Hello,
I’m having issues with a SATA add in card and would like advice on further troubleshooting steps or if it sounds like I should exchange the card with the merchant.
I recently bought a 8P6G-PCIE-SATA-CARD and have it installed in a PCIe 3.0 x4 slot that’s downstream of an AMD x570 chipset, with x6 relatively new Western Digital WD8003FFBX drives connected to the card. This is all running under Debian 12.4 Bookworm. All of the drives have healthy SMART attributes and pass self tests. I’ve been running a ZFS pool composed of all six drives connected to the card for about a week and a half as of yesterday with no issues, and have put everything from low to punishing loads on the drives and card. The drive cages and chassis have decently good airflow provided by three 140mm intake fans and one exhaust.

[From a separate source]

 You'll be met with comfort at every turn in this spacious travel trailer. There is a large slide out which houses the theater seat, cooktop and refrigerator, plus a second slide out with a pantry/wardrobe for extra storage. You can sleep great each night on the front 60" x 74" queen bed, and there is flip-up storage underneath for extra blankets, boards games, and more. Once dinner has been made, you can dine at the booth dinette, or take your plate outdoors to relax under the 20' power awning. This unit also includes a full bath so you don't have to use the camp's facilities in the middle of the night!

Yesterday two of the drives faulted out of the ZFS pool while both they and the system were under low to moderate load. Upon inspection of the syslog, I found that there were ATA errors showing up for the ports that they were on (wired to port 2 on the card, cables 1 and 2 on the 8087 breakout). This led to failed soft and hard resets of the SATA link and the kernel subsequently giving up and disabling the device (thus causing the two drives attached to fault out). The other four drives that were connected through port 1 on the card were unaffected.
SMART data from the drives that were impacted shows no mechanical related errors with the drives themselves or UDMA CRC errors that’d be indicative of a bad physical connection between the drive and controller card. Self tests ran since then have passed. I haven’t had any issues since migrating the drives to the onboard SATA ports, which makes me more confident that it isn’t a problem with the drives (or with other hardware / software). Checking the cables and connections revealed no discernable issues (nothing loose or unseated).

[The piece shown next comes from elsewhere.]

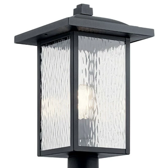 This Capanna collection 1-light outdoor wall lantern features a textured black finish that will complement many transitional decors. Clean lines and a classic design add interest while the clear water glass shade provides a unique look to the light for your outdoor decor.
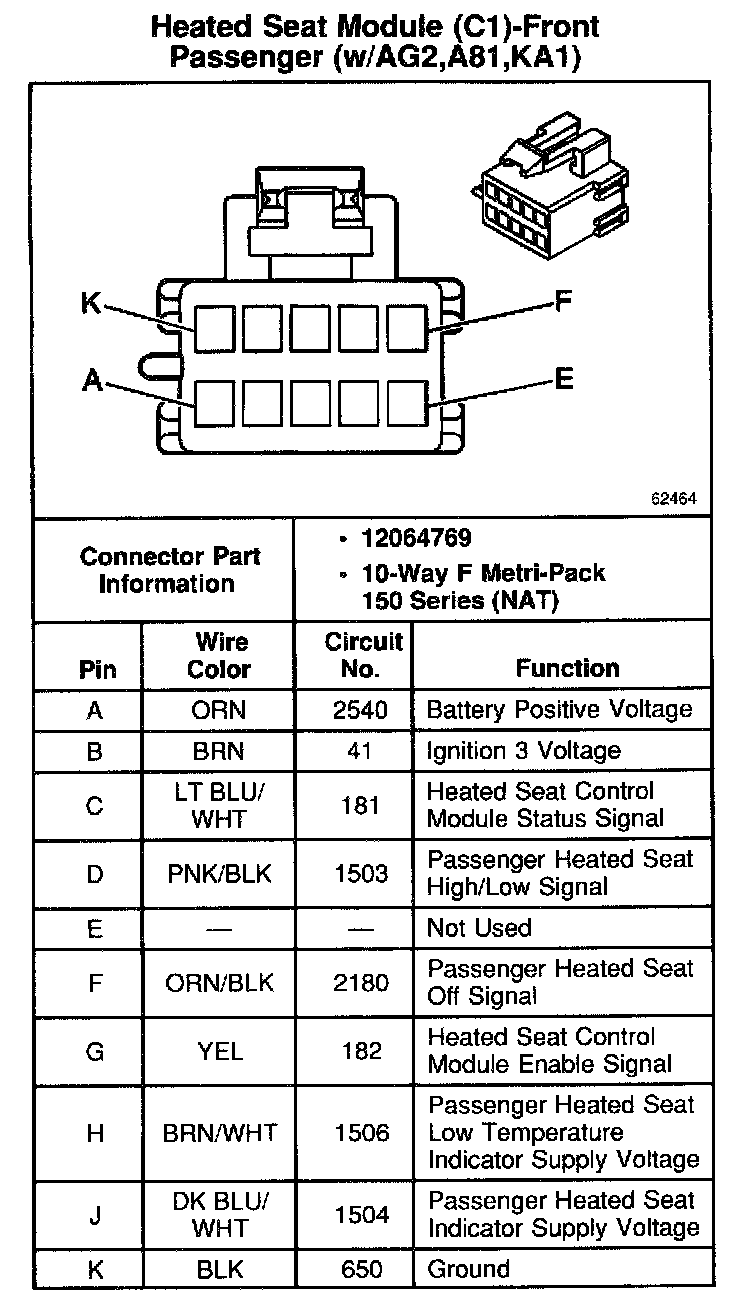 Heated Seat Module (C1)-Front Passenger (w/AG2,A81,KA1):

One of the intake fans is blowing in fresh air on the PCI slot area, so I don’t think temperature was an issue unless these cards are known to be particularly sensitive to heat.
Any thoughts on further troubleshooting steps? I’d really like to be able to use this card for the extra ports. Should I try to return the card to the merchant for an exchange- maybe this one is a dud? Maybe this is a linux/driver issue?
Thanks for your time and consideration.